# Thoughts on Kohetsu knives?



## Miley (Mar 2, 2017)

I just got a Kohetsu hap40 petty and I love it, it holds an edge like no other knife I've owned, nice profile too. Anybody try any of the other Kohetsu knives? Who is the blacksmith?


----------



## Jovidah (Mar 2, 2017)

It's a house-brand... so most likely the different lines in all kinds of different steels are from different makers / manufacturers. No clue who actually makes the HAP40 stuff; have seen similar looking knives sold under the brand 'CoSay' (cleancut had them at some point) but I think that was just a brand name as well. 
It's not too surprising it holds an edge well; HAP-40 looks like a pretty badass alloy.


----------



## Nemo (Mar 2, 2017)

I find that hap40 has brilliant edge retention related to board use but it loses the razor sharpness over time (whether used or not). It's semi-stainless and quite high carbon, so I wonder whether there is slow micro corrosion at the edge?

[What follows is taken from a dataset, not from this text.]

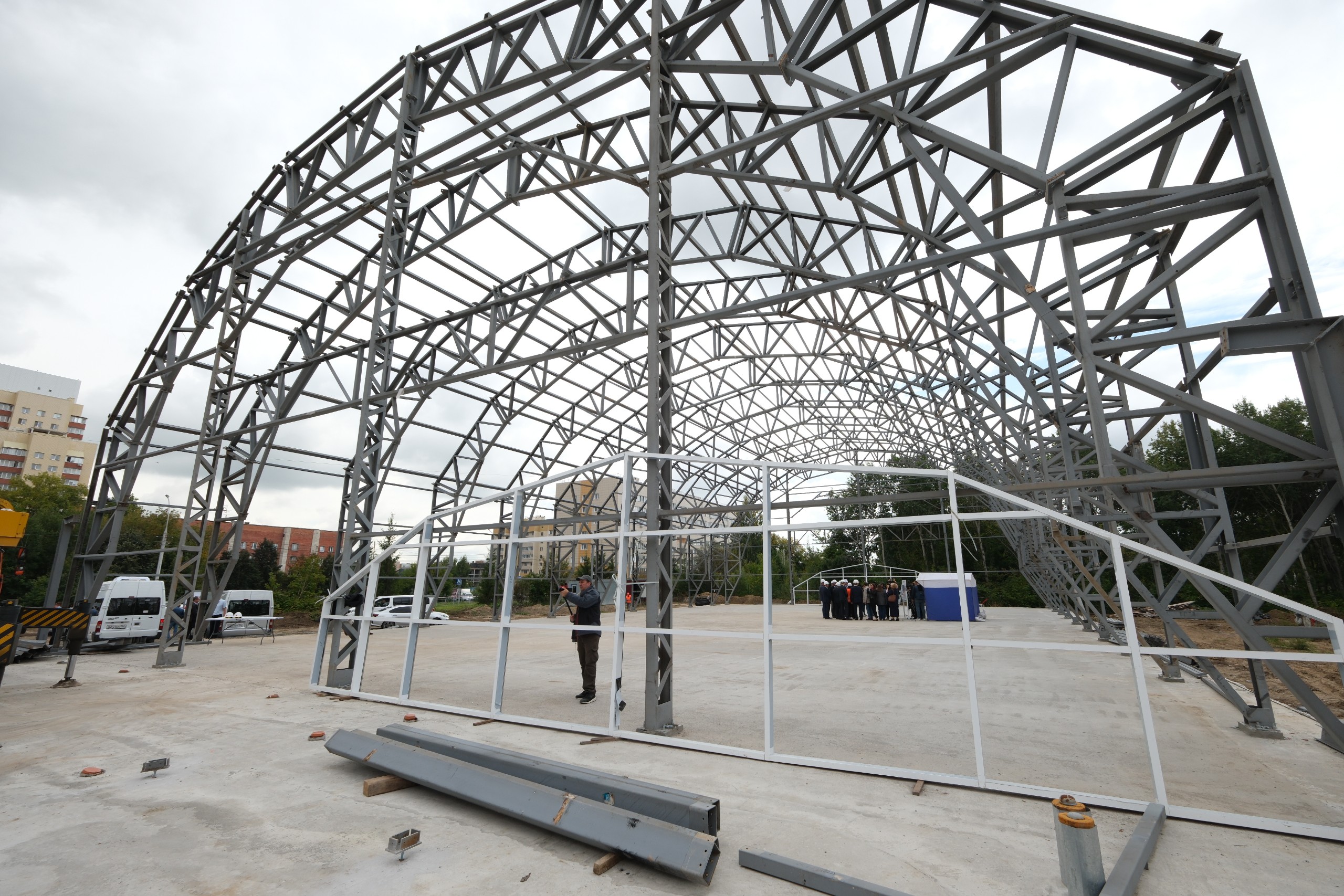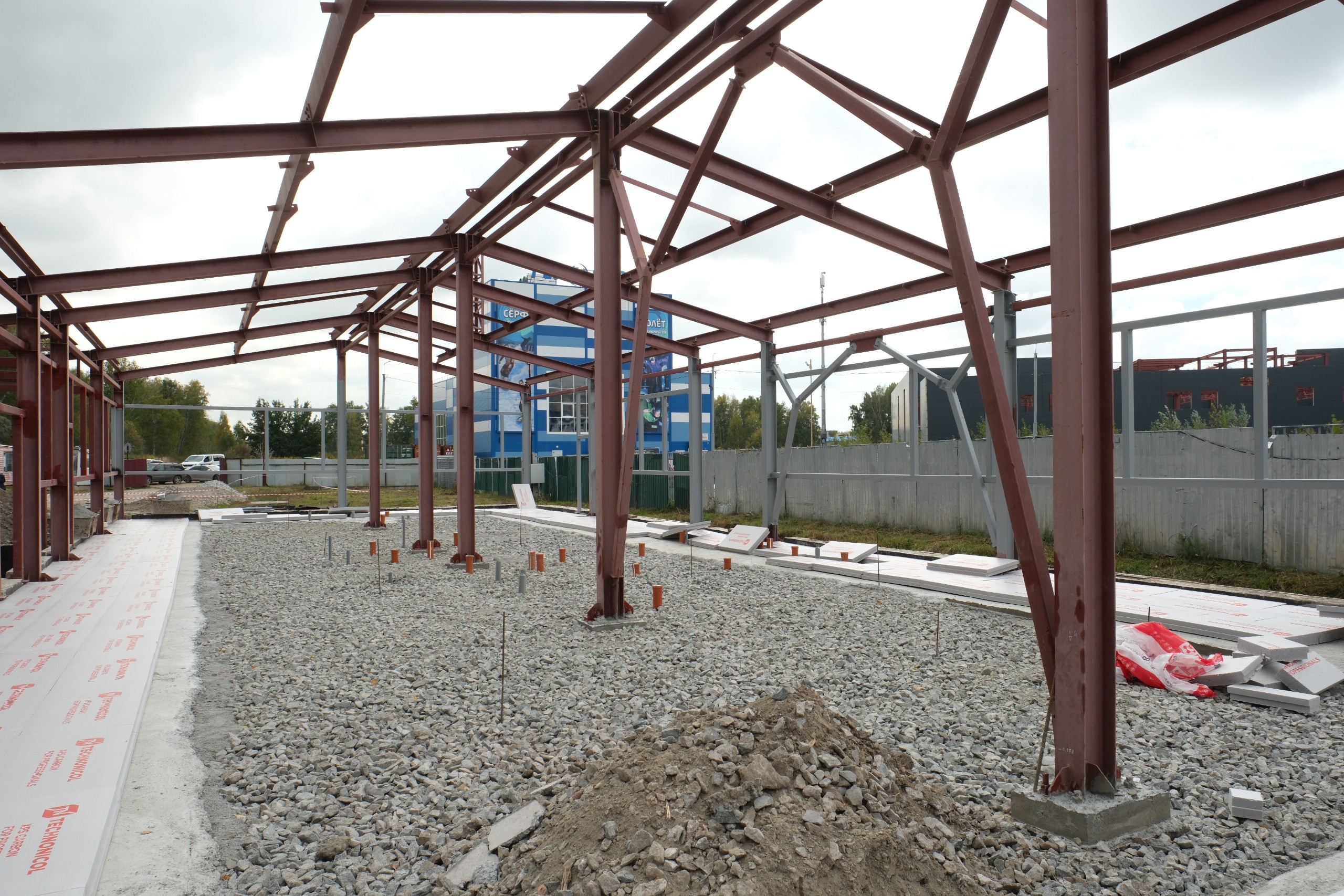 Строительство спортивной площадки осуществляется с 2024 года. На текущий момент выполнены работы по благоустройству земельного участка – планировка территории и бетонное основание для монтажа модуля. Также выполнены внешние и внутриплощадочные инженерные сети: водоснабжения, водоотведения, теплоснабжения, электроснабжения и ливневой канализации.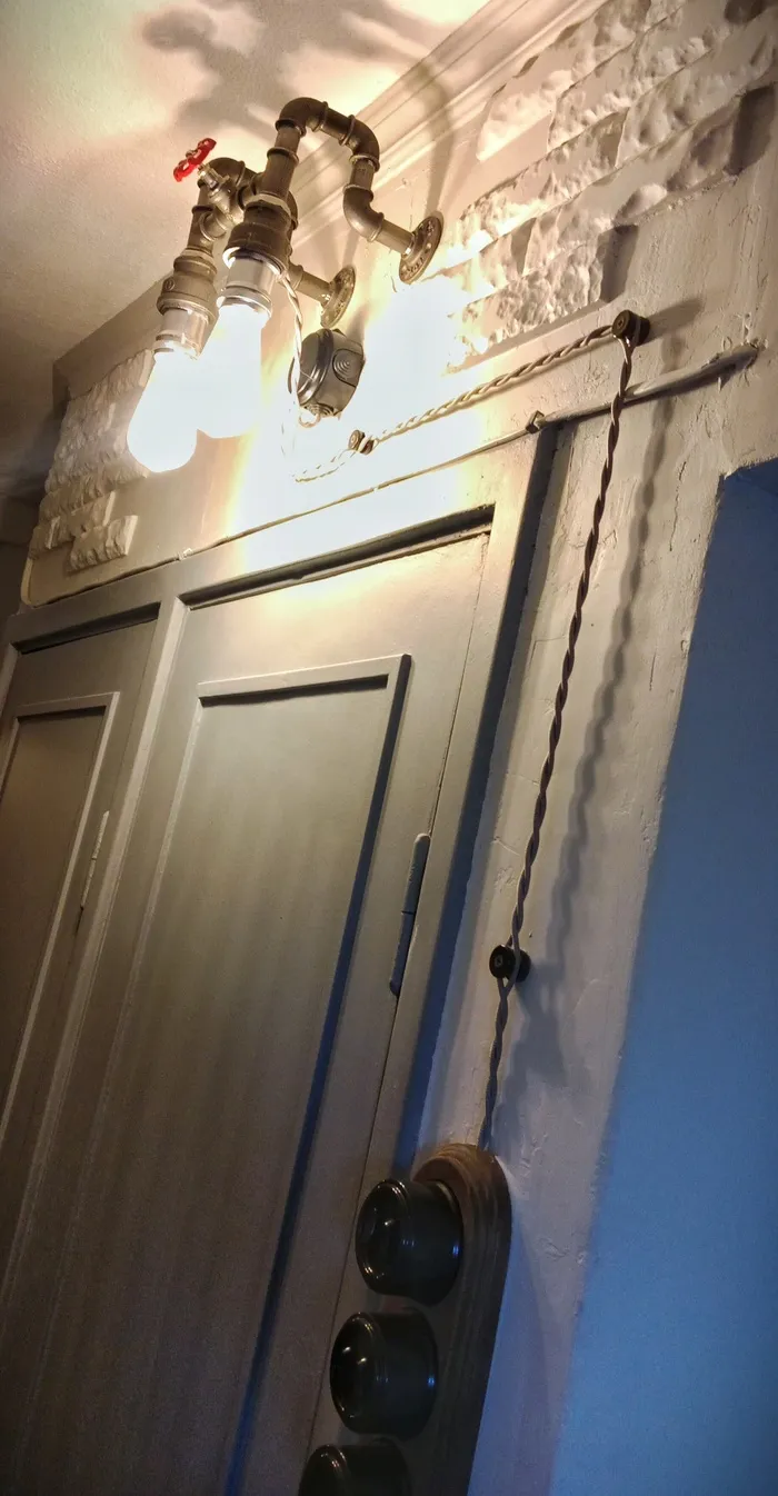 Чтобы вписать всё в единый стиль (а так же не штробить и без того хлипкие стены) использовал ретро-проводку

The main reason I don't use them (mine are Gihei) a lot is the thin flat grind (poor food release). For me, profile, grind and HT are more important than steel selection in determining the utility of a knife.


----------



## GRoc (Mar 2, 2017)

Initially I thought that Gihei was making the Kohetsu HAP40 too, or maybe an initial batch, but now i am not sure


----------



## Miley (Mar 3, 2017)

Your right the razor edge seems to fade but it holds an edge right below razor sharpness for a lot longer than my blue 2 yoshihiro, my Kurosaki AS or Fernandez 52100. I use it for much longer between sharpening sat work. Hap 40 is amazing


----------